Below are some records. Print exactly the lines between the one holding "SUNMORY Lampada da" and the one holding "3.3. ASFV-ΔMGF505-2R Group", inclusive, and nothing else.

- Supplied data -
* * * *

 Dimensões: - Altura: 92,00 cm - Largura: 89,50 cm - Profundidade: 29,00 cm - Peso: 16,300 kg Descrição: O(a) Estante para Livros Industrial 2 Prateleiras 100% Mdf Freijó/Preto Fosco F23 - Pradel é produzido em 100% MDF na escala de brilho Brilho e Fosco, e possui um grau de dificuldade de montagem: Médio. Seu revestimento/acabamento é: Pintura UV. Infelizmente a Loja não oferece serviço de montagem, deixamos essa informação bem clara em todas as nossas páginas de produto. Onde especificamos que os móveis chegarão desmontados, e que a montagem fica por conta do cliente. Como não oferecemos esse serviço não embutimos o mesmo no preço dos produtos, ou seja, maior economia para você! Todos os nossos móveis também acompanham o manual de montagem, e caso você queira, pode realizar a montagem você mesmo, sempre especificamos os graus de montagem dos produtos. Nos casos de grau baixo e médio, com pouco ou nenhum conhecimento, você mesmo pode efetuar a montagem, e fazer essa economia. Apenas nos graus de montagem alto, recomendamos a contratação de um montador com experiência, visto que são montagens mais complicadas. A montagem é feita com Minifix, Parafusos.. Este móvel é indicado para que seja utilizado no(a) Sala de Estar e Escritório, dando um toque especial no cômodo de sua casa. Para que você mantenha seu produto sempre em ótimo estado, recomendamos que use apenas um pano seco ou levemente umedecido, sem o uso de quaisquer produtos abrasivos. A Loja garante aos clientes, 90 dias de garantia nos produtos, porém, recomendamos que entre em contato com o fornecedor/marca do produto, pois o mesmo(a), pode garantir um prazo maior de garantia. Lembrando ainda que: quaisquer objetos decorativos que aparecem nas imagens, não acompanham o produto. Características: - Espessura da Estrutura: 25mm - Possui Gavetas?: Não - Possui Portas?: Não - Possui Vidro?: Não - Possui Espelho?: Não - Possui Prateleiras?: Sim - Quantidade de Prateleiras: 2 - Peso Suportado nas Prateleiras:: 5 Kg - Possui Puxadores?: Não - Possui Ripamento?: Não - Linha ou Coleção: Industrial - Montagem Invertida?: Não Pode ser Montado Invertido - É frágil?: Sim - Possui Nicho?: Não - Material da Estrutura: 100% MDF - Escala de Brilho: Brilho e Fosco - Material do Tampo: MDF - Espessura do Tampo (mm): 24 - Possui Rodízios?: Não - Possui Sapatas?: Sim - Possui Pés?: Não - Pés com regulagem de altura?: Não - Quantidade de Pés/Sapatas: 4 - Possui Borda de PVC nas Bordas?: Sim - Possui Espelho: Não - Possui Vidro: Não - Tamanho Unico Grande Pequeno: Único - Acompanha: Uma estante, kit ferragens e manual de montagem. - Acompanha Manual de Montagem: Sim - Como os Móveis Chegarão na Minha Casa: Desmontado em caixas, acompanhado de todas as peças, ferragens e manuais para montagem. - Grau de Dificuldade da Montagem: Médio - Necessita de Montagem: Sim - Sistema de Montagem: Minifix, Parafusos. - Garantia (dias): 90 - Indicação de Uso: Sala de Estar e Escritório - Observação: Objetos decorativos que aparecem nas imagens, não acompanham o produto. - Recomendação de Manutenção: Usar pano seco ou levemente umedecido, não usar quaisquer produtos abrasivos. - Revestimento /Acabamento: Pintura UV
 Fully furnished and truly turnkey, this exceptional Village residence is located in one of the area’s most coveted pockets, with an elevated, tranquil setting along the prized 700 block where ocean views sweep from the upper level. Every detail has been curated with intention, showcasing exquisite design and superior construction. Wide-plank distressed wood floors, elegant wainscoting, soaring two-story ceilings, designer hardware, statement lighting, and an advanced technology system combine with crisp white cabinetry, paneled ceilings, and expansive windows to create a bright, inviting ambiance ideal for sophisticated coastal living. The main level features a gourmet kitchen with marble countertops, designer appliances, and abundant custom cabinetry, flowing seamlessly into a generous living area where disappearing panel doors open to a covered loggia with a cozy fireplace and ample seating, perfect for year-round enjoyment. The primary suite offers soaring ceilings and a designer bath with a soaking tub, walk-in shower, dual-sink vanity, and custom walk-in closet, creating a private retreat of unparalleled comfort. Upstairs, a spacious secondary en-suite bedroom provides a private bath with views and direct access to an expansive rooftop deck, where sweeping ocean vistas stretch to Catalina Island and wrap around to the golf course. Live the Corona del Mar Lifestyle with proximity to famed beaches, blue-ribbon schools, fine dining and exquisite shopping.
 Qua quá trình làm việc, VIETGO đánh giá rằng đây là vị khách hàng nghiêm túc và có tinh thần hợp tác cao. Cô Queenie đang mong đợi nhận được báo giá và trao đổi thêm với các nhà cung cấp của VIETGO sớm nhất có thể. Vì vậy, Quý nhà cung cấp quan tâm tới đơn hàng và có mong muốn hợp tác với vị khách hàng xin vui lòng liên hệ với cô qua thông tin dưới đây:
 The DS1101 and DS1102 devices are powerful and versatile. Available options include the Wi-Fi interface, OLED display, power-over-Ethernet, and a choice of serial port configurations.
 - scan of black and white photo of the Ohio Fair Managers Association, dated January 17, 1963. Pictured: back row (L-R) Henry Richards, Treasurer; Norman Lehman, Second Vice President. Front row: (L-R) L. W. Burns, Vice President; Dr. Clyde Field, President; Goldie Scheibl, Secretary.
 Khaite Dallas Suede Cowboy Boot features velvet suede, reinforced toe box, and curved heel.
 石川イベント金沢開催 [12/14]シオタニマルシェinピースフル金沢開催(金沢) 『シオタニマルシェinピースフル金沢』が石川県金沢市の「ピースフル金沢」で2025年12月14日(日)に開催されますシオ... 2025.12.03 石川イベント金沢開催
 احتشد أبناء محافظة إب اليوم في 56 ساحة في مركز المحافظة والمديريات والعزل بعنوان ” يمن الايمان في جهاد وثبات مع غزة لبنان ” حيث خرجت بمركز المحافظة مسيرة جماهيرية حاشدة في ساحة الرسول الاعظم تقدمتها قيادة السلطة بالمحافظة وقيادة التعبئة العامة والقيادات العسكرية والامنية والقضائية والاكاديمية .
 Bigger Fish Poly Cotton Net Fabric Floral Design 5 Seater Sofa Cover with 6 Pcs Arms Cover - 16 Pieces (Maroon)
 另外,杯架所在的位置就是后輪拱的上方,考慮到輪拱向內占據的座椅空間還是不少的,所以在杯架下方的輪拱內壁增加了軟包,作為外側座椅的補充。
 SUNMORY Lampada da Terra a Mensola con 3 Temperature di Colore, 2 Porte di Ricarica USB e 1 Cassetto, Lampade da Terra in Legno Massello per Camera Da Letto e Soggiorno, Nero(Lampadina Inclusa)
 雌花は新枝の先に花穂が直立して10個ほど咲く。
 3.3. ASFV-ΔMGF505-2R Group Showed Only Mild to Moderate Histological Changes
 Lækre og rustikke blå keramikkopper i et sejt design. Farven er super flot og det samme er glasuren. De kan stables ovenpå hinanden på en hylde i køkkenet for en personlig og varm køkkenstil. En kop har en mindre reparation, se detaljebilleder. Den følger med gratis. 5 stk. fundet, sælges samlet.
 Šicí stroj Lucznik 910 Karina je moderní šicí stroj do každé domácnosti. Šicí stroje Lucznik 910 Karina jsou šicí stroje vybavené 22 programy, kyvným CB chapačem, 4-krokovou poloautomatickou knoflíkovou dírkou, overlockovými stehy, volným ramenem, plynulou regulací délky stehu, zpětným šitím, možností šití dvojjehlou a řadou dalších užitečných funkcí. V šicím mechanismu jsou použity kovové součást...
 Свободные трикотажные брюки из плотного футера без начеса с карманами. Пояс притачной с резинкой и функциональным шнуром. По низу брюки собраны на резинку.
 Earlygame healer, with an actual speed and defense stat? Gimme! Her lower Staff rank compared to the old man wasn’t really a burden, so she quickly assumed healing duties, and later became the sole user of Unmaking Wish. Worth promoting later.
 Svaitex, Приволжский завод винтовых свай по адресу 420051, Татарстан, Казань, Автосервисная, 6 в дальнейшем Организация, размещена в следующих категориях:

* * * *

- Answer box -
 SUNMORY Lampada da Terra a Mensola con 3 Temperature di Colore, 2 Porte di Ricarica USB e 1 Cassetto, Lampade da Terra in Legno Massello per Camera Da Letto e Soggiorno, Nero(Lampadina Inclusa)
 雌花は新枝の先に花穂が直立して10個ほど咲く。
 3.3. ASFV-ΔMGF505-2R Group Showed Only Mild to Moderate Histological Changes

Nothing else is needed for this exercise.